:: PROVIDED DATA ::
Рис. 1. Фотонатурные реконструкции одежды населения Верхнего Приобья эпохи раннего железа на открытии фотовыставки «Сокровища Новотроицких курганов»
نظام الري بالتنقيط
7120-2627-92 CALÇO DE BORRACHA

* * *

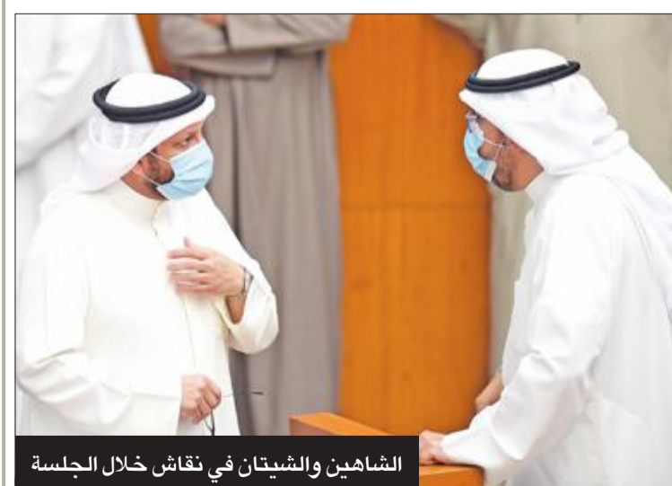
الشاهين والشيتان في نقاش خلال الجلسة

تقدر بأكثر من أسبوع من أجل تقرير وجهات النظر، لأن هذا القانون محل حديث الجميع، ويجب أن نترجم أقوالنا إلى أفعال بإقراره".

:: WHAT IS REQUIRED ::
Everything from the line with "Рис. 1. Фотонатурные" through the line with "7120-2627-92 CALÇO DE BORRACHA" in the listing above must be retyped exactly, with nothing added.

:: WRITTEN SOLUTION ::
Рис. 1. Фотонатурные реконструкции одежды населения Верхнего Приобья эпохи раннего железа на открытии фотовыставки «Сокровища Новотроицких курганов»
نظام الري بالتنقيط
7120-2627-92 CALÇO DE BORRACHA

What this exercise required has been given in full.